PROMPT
Using the data below, reproduce exactly the lines from the line with "Одна его половина" to the line with "Khuya 15-7, lực", both included; pictures must be dropped.

DATA SUPPLIED
- - - - - - -

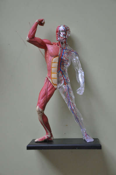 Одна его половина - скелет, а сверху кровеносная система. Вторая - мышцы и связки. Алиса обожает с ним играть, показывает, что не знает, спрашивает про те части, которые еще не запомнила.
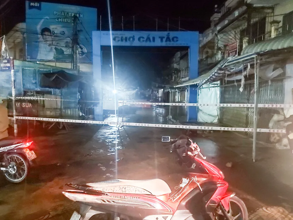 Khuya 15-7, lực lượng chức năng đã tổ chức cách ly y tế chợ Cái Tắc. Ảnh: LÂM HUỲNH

- - - - - - -

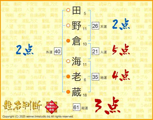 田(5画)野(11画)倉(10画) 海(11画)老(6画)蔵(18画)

- - - - - - -

EXERCISE ANSWER
 Одна его половина - скелет, а сверху кровеносная система. Вторая - мышцы и связки. Алиса обожает с ним играть, показывает, что не знает, спрашивает про те части, которые еще не запомнила.
 Khuya 15-7, lực lượng chức năng đã tổ chức cách ly y tế chợ Cái Tắc. Ảnh: LÂM HUỲNH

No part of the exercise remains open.